HOST: Ben is rushed to the emergency room. He’s been shot five times, in his arm, shoulder, hands and leg and he’s losing a lot of blood.
BEN DYER: And I told them I was O negative and I told them everything about me. I told them my name, my birthdate, my Social Security number because if I was gonna die that night I wasn’t dying a John Doe.
HOST The shooter is still at large — still unknown — but not for long.
Just after 8 p.m., police release video images of a man carrying a high-powered assault rifle into the bowling alley. This is the shooter. People are advised to stay off the streets.

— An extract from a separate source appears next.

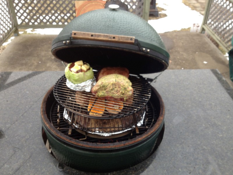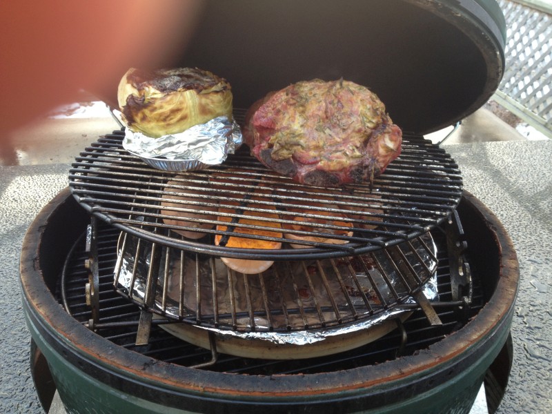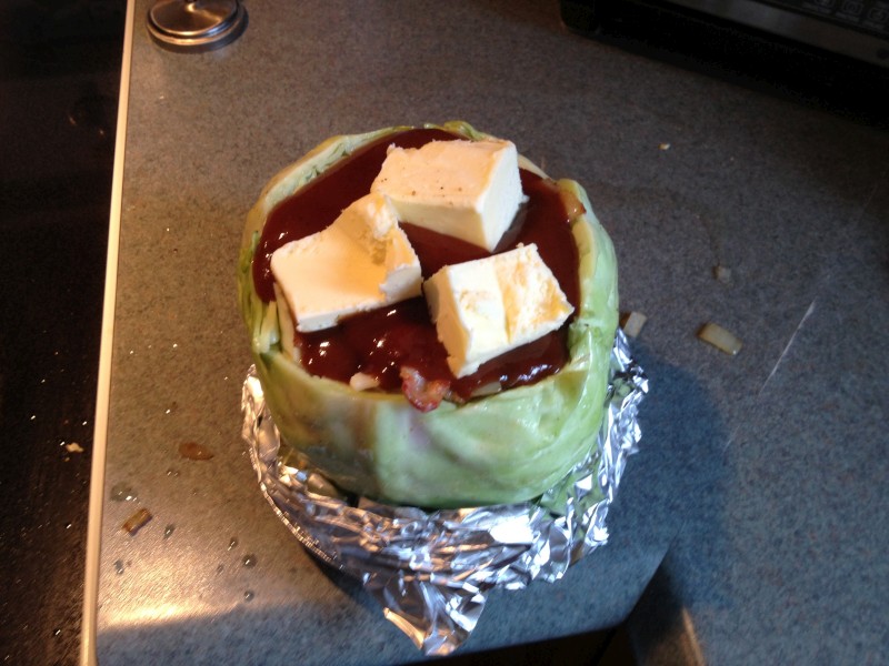 Everything was great, but that cabbage stole the show. Pictures will speak for themselves, but basically: cut the core of the cabbage, make a nest for it with aluminium, fry some onions with bacon and fill the cavity. Top with bbq sauce and few chunks of butter. Easy money! Source: Steven Raichlen book I believe
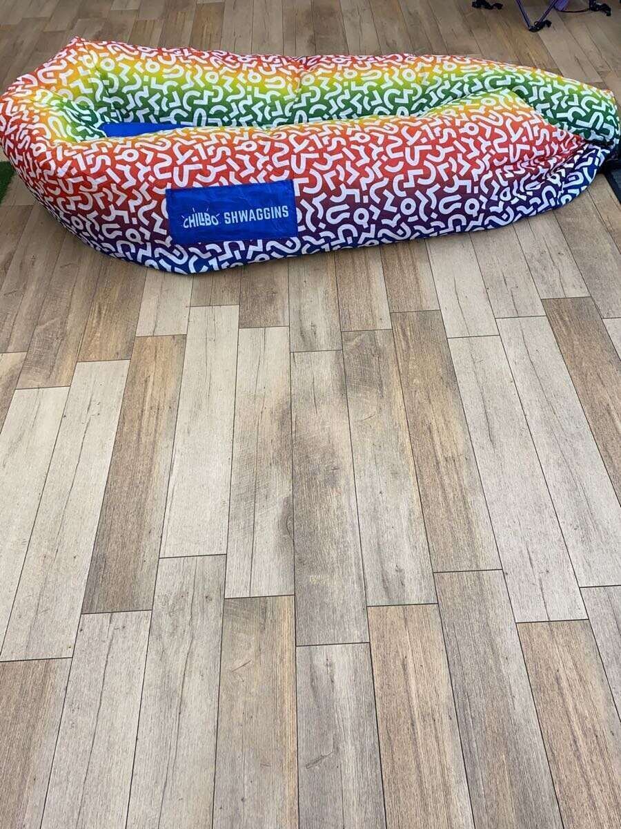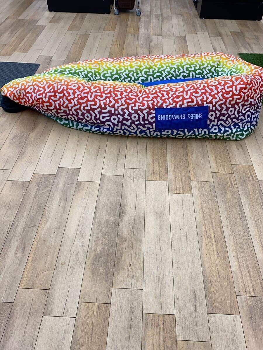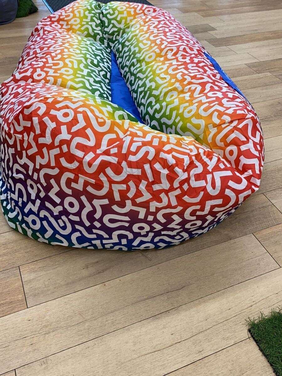 全体的に細かい汚れがございます。 エアー取り込み口(ビニール部分)の一部に 小さな破れがございます。 付属品:ソファー本体 ペグ 取扱説明書 |

About 30 miles away, Cara Lamb is at home with her partner, John, and her 18-year-old son, Colby, when she gets a breaking news alert on her phone about the shootings in Lewiston.
[ambient music fades up]
CARA LAMB: You know, it was a local news headline, there’s been a shooting nearby and, that’s — in Maine? Unheard of. Then they put the picture up of him entering the bowling alley. And I sat there looking at it.
HOST: He looks so familiar but she isn’t sure. Could this be her ex-husband, Robert Card? Colby’s dad? She thinks about it some more.
CARA LAMB: What really solidified it was where he was. He was at their bowling alley. He was at Schemengees. That’s where he and Colby spent plenty of time together.
HOST: She feels terrible asking Colby to confirm her worst fears, but she goes downstairs anyway to show him the photo.
CARA LAMB: He goes, ‘Yeah, it could be dad …’ And that’s when I called 911. And I said who I was, that I was with Colby and they needed to find this person immediately. And they hung up.
HOST: Cara hangs up the phone and her first instinct is to leave the house and get somewhere safe.
[soft xylophone music]
HOST: Nearly six months earlier she and Colby had reported Robert Card, known to his family as Rob, to a school resource officer and a sheriff’s deputy. He’s been having delusions that people are calling him a pedophile. He’s increasingly aggressive and owns at least ten guns. Over the summer, after nearly getting into a fight with fellow reservists, Rob spent 19 days in a psychiatric hospital. He’s accused Colby and other family members of turning against him and he’s been angry with Cara ever since their divorce. Plus, he knows where they live. He’s been to their house. They head to a nearby police department in Topsham.
CARA LAMB: At that point I was 99% sure it was Rob because the picture of his car had just been released and that confirmed it because his front bumper was a different color.
HOST: Cara isn’t the only one who recognizes the image. Rob’s sister Nicole has also contacted police. By now, a massive manhunt is underway for 40-year-old Robert Card, a trained marksman and hand grenade instructor in the Army Reserve.
More than 400 law enforcement officers descend on Lewiston. People are being told to stay inside. Nerves are rattled with every suspicious sighting or unexplained noise in the dark. Police receive hundreds of calls to check out a backyard, a barn, a vacant building. And they hold the first of many press briefings to update the public.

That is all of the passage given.